Compressed Sensing for PPG Signals
Compressed sensing exploits the sparsity of PPG signals in the frequency domain to reconstruct full-bandwidth waveforms from sub-Nyquist samples, enabling power-efficient data acquisition, wireless data compression, and recovery of PPG segments corrupted by motion artifacts.
PPG signals are approximately sparse in the frequency domain — the cardiac fundamental and 2–3 harmonics concentrate most signal energy in fewer than 10 spectral components. Compressed sensing theory guarantees exact recovery of K-sparse signals from M ≥ O(K·log(N/K)) random measurements, far fewer than the Nyquist requirement. For PPG with K ≈ 5–8 significant spectral components, 20–40% of Nyquist-rate samples suffice for accurate reconstruction.
Basis pursuit (L1 minimization) and greedy algorithms (OMP, CoSaMP) recover the sparse spectral representation from compressed measurements. For PPG data compression in wireless body sensor networks, compressed sensing reduces data transmission by 50–75% while maintaining <3% reconstruction error (NRMSE), extending battery life proportionally. Random sampling patterns or deterministic measurement matrices designed for PPG spectral structure optimize the compression-accuracy tradeoff.

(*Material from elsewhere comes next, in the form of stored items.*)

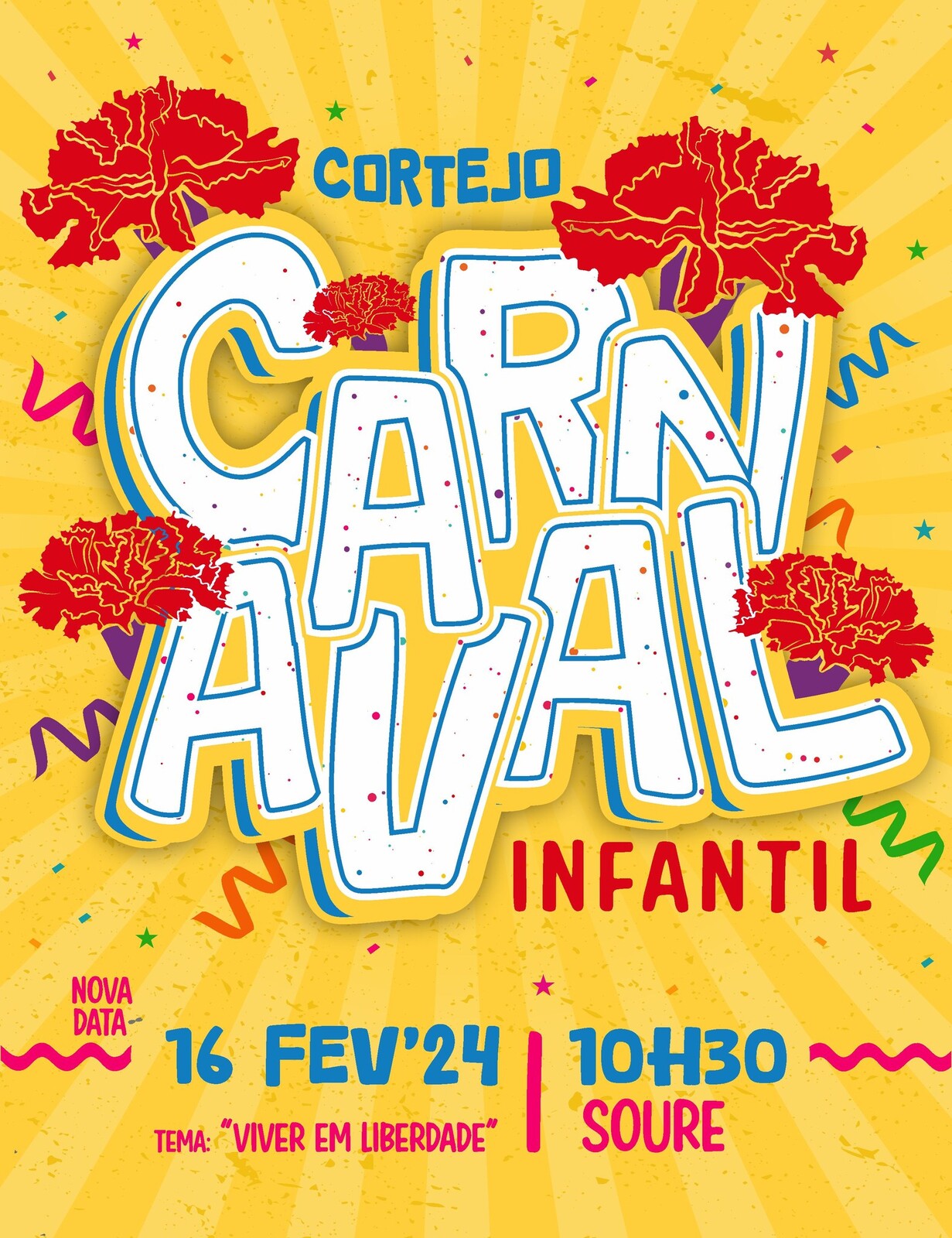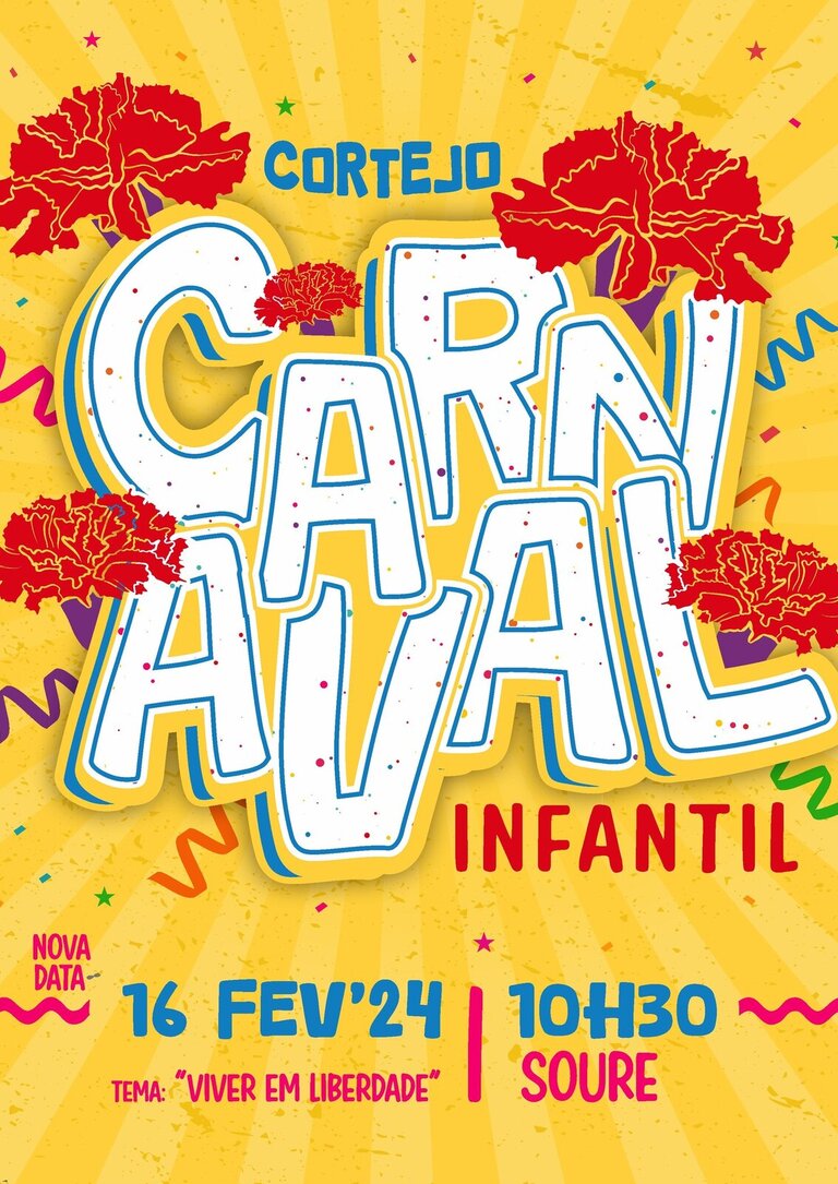 No dia 09 de fevereiro, sexta-feira, o Município de Soure promove o já tradicional Cortejo de Carnaval Infantil, sob a temática “Viver em Liberdade”, onde estão já confirmados mais de 1000 participantes, provenientes dos estabelecimentos de ensino e IPSS do Concelho.
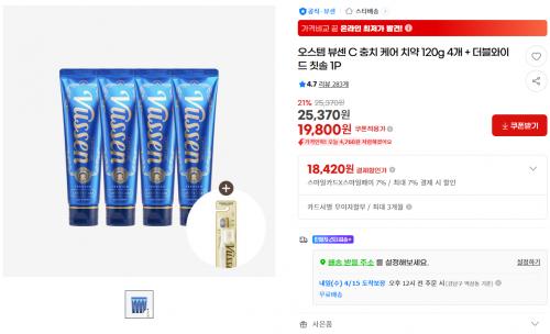 치약 4개에 와이드 칫솔까지 증정인데 2만원 후반대면 개당 단가가 나쁘지 않네요.
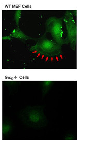 Immunofluorescence of mouse embryonic fibroblast (MEF) cells. Wild-type MEF cells (top panel) and Gα13 double knock-out cells (Gα13 -/-, bottom panel) were fixed and stained with anti-Gα13 polyclonal antibody (Cat. # 21005). Arrows indicate the dorsal ruffle strcture of one cell. |
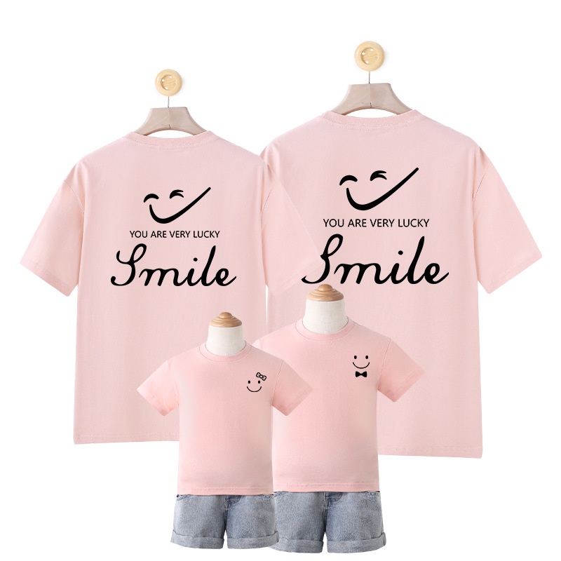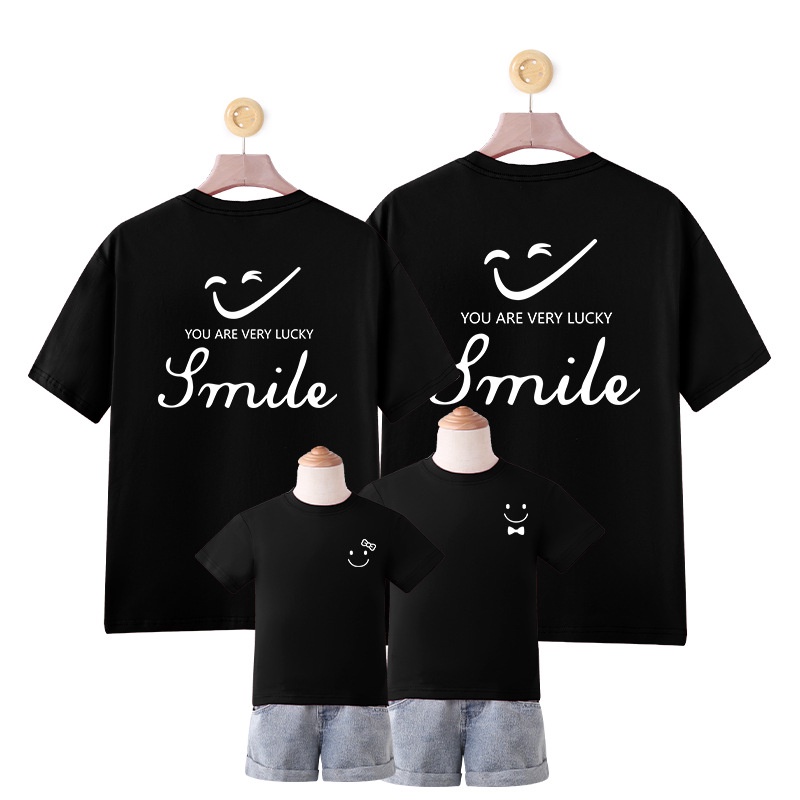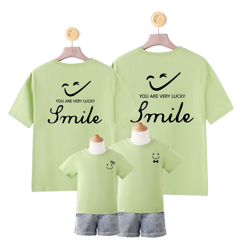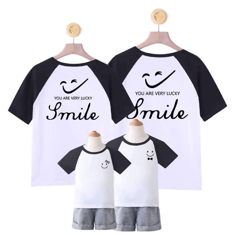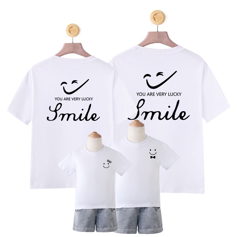 【Anna‘s 親子裝】簡約笑臉親子裝 親子裝短袖 短袖圓領T 情侶裝 大尺碼5XL 多色可選 全家福親子裝
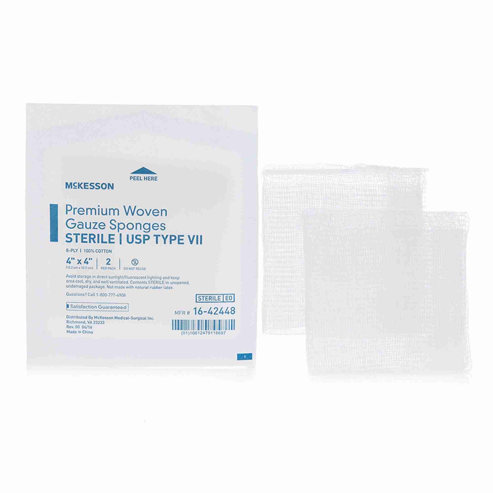 USP Type VII Gauze Sponge McKesson Cotton 8-Ply 4 X 4 Inch Square Sterile

Motion artifact recovery using compressed sensing treats corrupted PPG samples as missing data and reconstructs them using the sparse spectral model. By identifying artifact-corrupted samples (via SQI or accelerometer) and treating them as unobserved measurements, sparse recovery algorithms reconstruct clean PPG waveforms from the remaining clean samples. This approach achieves 2–5 bpm HR estimation accuracy during moderate motion from only 30–50% of samples.
Frequently Asked Questions
What compression ratio is achievable for PPG?
Ratios of 2:1 to 4:1 (25–50% of Nyquist samples) typically maintain clinically acceptable reconstruction quality. Higher compression (10:1) is possible for HR-only estimation but loses morphological detail.
Does compressed sensing work for real-time PPG?
Signal acquisition is inherently real-time (random sub-sampling). Reconstruction algorithms (OMP, CoSaMP) are iterative but converge in 5–20 iterations, feasible for near-real-time processing on embedded hardware with 50–200 ms latency.
How does PPG sparsity compare to ECG?
PPG is sparser than ECG in the frequency domain (smoother waveform, fewer harmonics) but less sparse in the wavelet domain (no sharp QRS complex). Frequency-domain compressed sensing is more effective for PPG, while wavelet-domain CS is more effective for ECG.